---
title: "Solution to warpbreaks exercise"
output:
  pdf_document: default
  html_document: default
---

```{r, setup, include=FALSE}
require(mosaic)
```

## The number of breaks in yarn during weaving

The following dataset contains the results of an experiment where the number of yarn breaks during weaving are measured for two different types of wool at three different levels of string tension.

```{r}
data(warpbreaks)
head(warpbreaks)
```

Perform a one way analysis of variance (ANOVA) of the `warpbreaks` data with `breaks` as response and `tension` as factor/explanatory variable. Remember to first plot the data. 
```{r}
gf_boxplot(breaks~tension,data=warpbreaks)
```

Then make a model in `R` using `lm`. 
```{r}
model1<-lm(breaks~tension ,data=warpbreaks)
summary(model1)
```
Write down the prediction equation. 

- We take low tension to be the reference group and define dummy variables:
$$
\begin{aligned}
z_1&=\begin{cases}
1& \text{if medium tension,}\\
0& \text{otherwise.}
\end{cases}\\
z_2&=\begin{cases}
1& \text{if high tension,}\\
0& \text{otherwise.}
\end{cases}\\
\hat{y}&=\alpha + \beta_1z_1+\beta_2z_2\\
\hat{y}&= 36.39  -10.00*z_1-14.72* z_2
\end{aligned}
$$

Use the prediction equation to calculate the predicted mean number of breaks for each tension level. 
$$
\hat{y}=\begin{cases} 
36.39,& \text{for low tension,}\\
26.39,& \text{for medium tension,}\\
21.67,& \text{for high tension,}\\
\end{cases}
$$

Is the mean number of breaks the same for all tensions?

- The F-test at the bottom of the output provides a test for no effect of tension. This is rejected with $p=0.001753$. 

Next, perform a two way analysis of variance with both wool type and tension as factors and no interaction. Remember to make plot(s). 

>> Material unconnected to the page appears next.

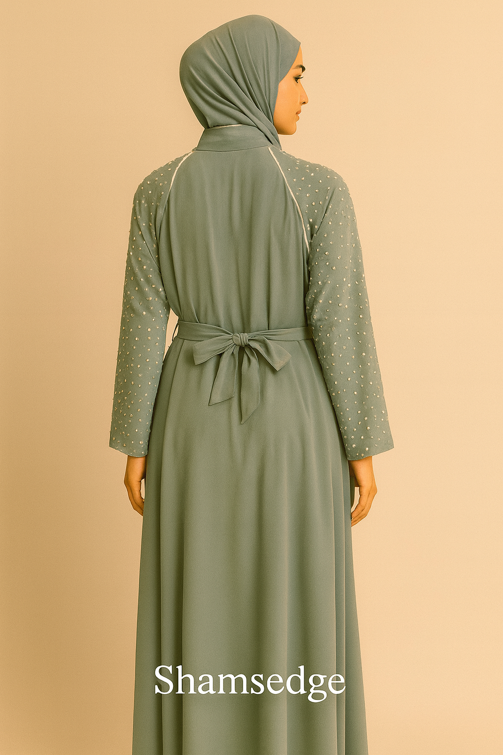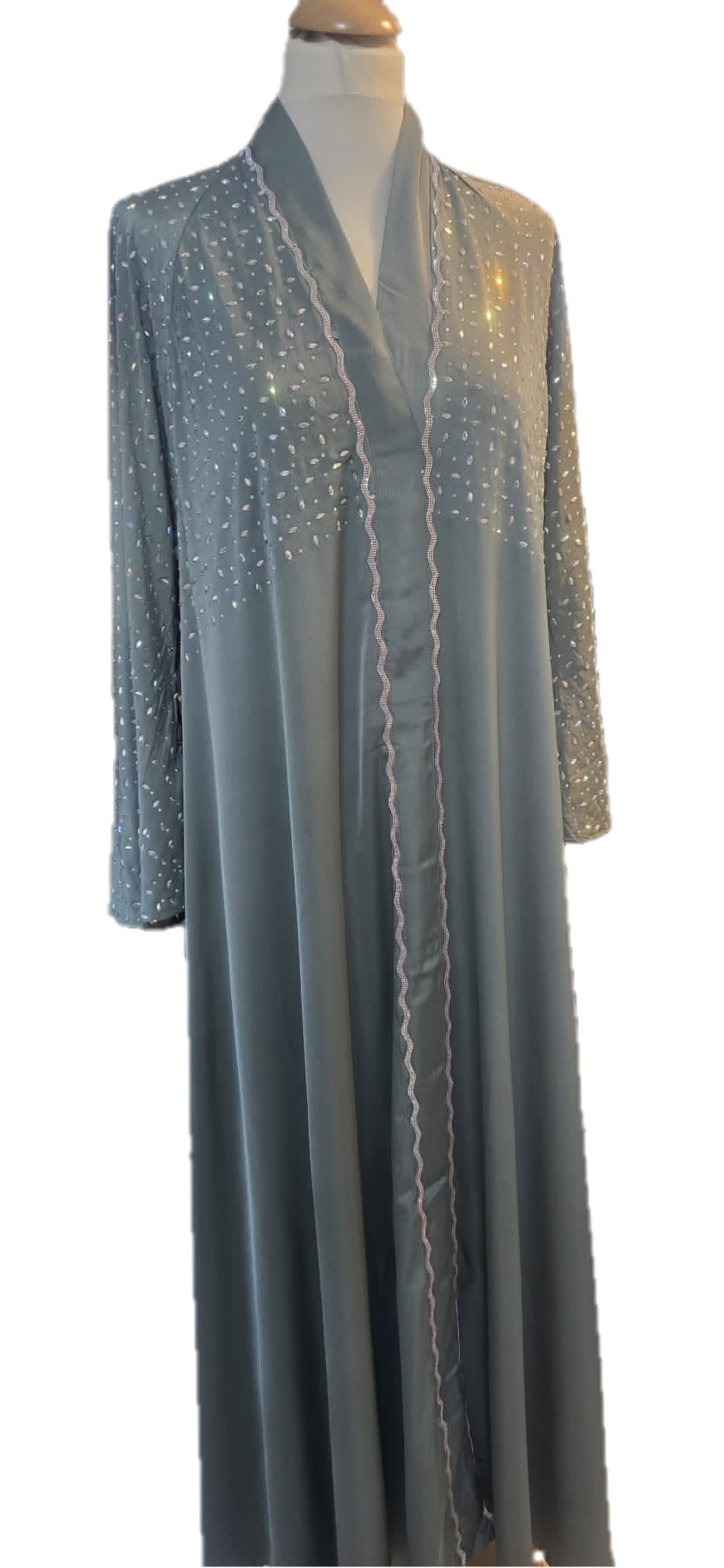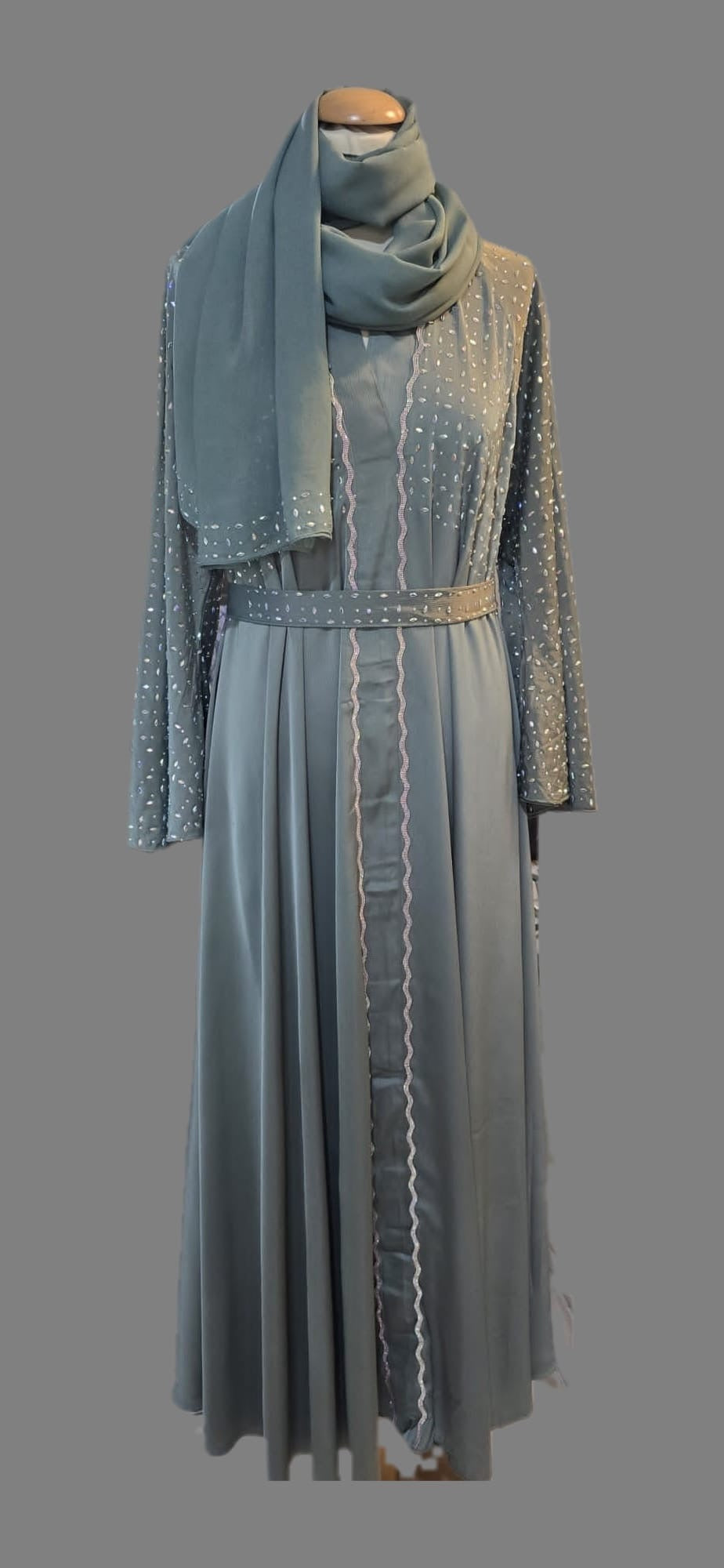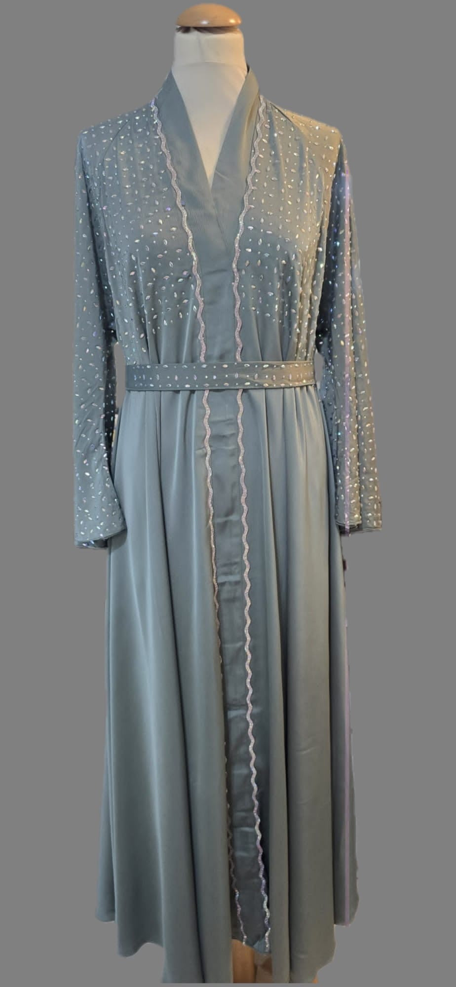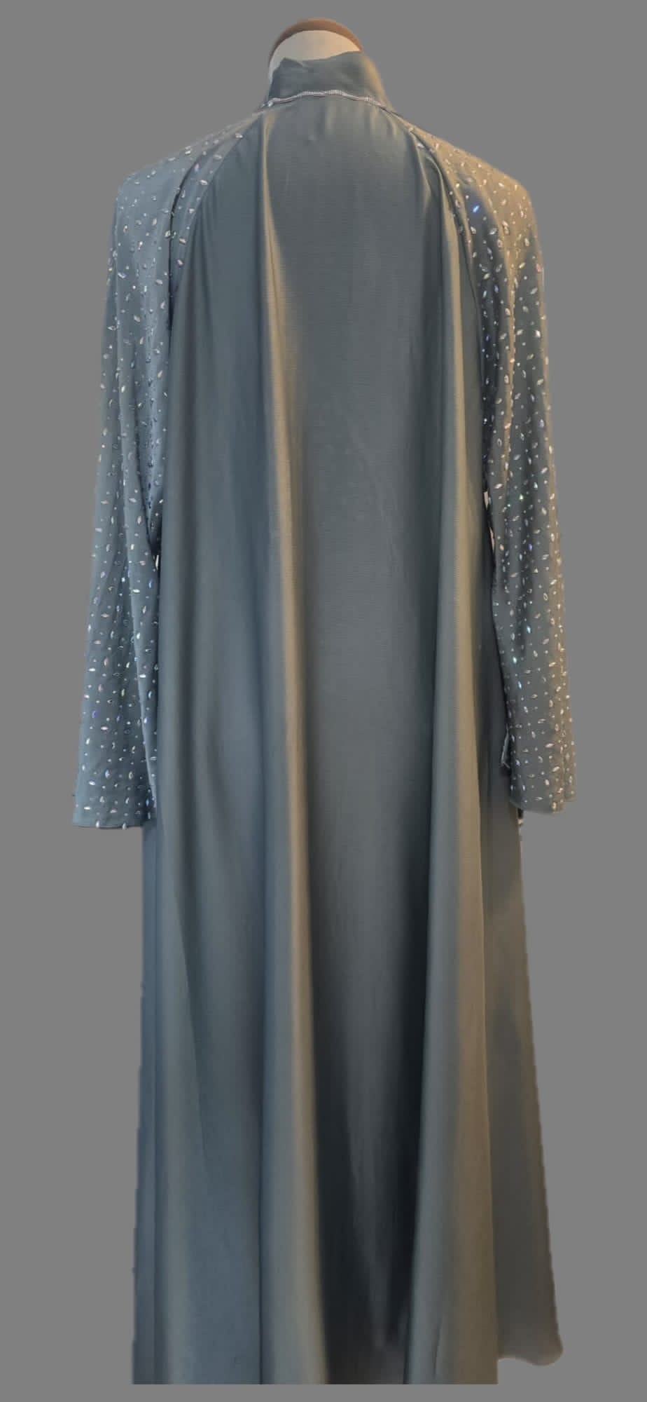 An elegant dusty blue abaya featuring delicate pearl-like embellishments along the sleeves and upper bodice.

- We plot the sample mean for all combinations of wool and tension: 
```{r}
gf_point(breaks ~ tension, color = ~ wool, data = warpbreaks) %>% gf_line(breaks ~ tension, group = ~wool, stat = "summary")
```

- The lines are not parallel, suggesting an interaction. The model without interaction is fitted:
```{r}
model2<-lm(breaks ~ tension + wool, data=warpbreaks)
summary(model2)
```


Write down the prediction equation. 

- Let
$$
w=\begin{cases}
1& \text{if wool has type B,}\\
0& \text{otherwise.}
\end{cases}
$$
Then
$$
\hat{y}= 39.3  -10.00*z_1-14.72* z_2 - 5.778*w
$$

Use the prediction equation to calculate the predicted mean number of breaks for each combination of wool and tension.

- wool A, low tension: 39.3

- wool A, med. tension: 29.3

- wool A, high tension: 24.6

- wool B, low tension: 33.5

- wool B, med. tension: 23.5

- wool B, high tension: 18.8


Investigate if there is an interaction between wool and tension.

- We fit the model with interaction and make an F-test:
```{r}
model3 <- lm(breaks ~ tension * wool, data = warpbreaks)
anova(model2, model3)
```
We find that there is a significant interaction (at the 0.05 level) with $p=0.021$.